教育のないメイドを雇ったことのある文筆家はみな知っていることであるが,主人の原稿を燃やして暖炉に火をつけたいというメイドの情熱を抑えることは困難である(抑えることができなければよいのに,と読者は望むかもしれないが)。文筆家仲間なら,たとえねたみ深い敵であっても,そんなことをしようとは思わないだろう。原稿というものの価値を,経験からよく理解しているからである。
同様に,庭(の持ち分)を持っている子供は,他人の花壇を踏み荒らすようなことはしないだろうし,ペットを飼っている子供には,動物の生命を尊重することを教えることができる。
我が子を苦労して育てたことのある人の心には,おそらく,人命を尊重する気持ちがあるであろう。わが子のことで苦労すればするほど,より強い親としての愛情が湧いてくるのである。こうした苦労を避けている親の場合,親の本能は多少とも萎縮してきて,ただ(親としての)責任感として残っているにすぎない。しかし,建設的な衝動が十分に発達している親ならば,おそらくよりいっそう子供の面倒を見ることだろう。そこで,こういう理由からしても,教育のこの面に注意を払うことは大いに望ましい。
Every author who has had uneducated housemaids knows that it is difficult (the public may wish it were impossible) to restrain their passion for lighting the fire with his manuscripts.

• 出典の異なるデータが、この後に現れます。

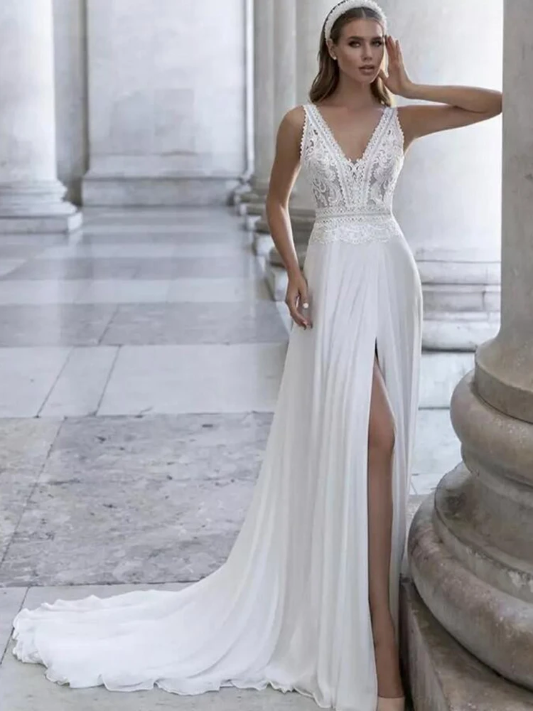 Очаровательное свадебное платье с разрезом по бокам, 2021, ТРАПЕЦИЕВИДНОЕ, с V-образным вырезом, с пуговицами, со шлейфом, Кружева Аппликации с открытой спиной
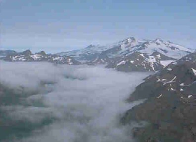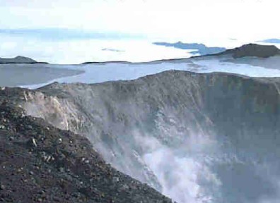 farther south. Judging from the clean layers of snow exposed in crevasses, the recent phreatic explosion is an unusual event that formed the present crater and affected the

A fellow-author, even if he were a jealous enemy, would not think of doing such a thing, because experience has taught him the value of manuscripts. Similarly the boy who has a garden will not trample on other people’s flower-beds, and the boy who has pets can be taught to respect animal life. Respect for human life is likely to exist in any one who has taken trouble over his or her own children. It is the trouble we take over our children that elicits the stronger forms of parental affection; in those who avoid this trouble the parental instinct becomes more or less atrophied, and remains only as a sense of responsibility. But parents are far more likely to take trouble over their children if their constructive impulses have been fully developed ; thus for this reason also it is very desirable to pay attention to this aspect of education.
出典: On Education, especially in early childhood, 1926, Pt. 2:Education of character, chap. 6: Constructiveness.
詳細情報:http://russell-j.com/beginner/OE06-050.HTM
[寸言]
親が子どもをうまく躾れば,自分を尊重してもらうためには他人も尊重する必要があることに気づく。しかし、我儘ほうだいに育つとその必要がないので他人を尊重する気持ちが育たない。
安倍総理はおじいちゃん(故・岸総理)に甘やかされて育ったので、同じ二世や三世議員(特に麻生総理のようにおじいちゃんのいる政治家)の気持ちはよくわかるが、一般庶民の気持ちなど、頭で理解しようとしても実感できないので、すぐに忘れてしまい(=健忘症)、180度考えを変えても「新しい判断」(or「新しい決断」)をしたと言えば、それで世間で通ると思っている。それを許している国民も馬鹿だが・・・。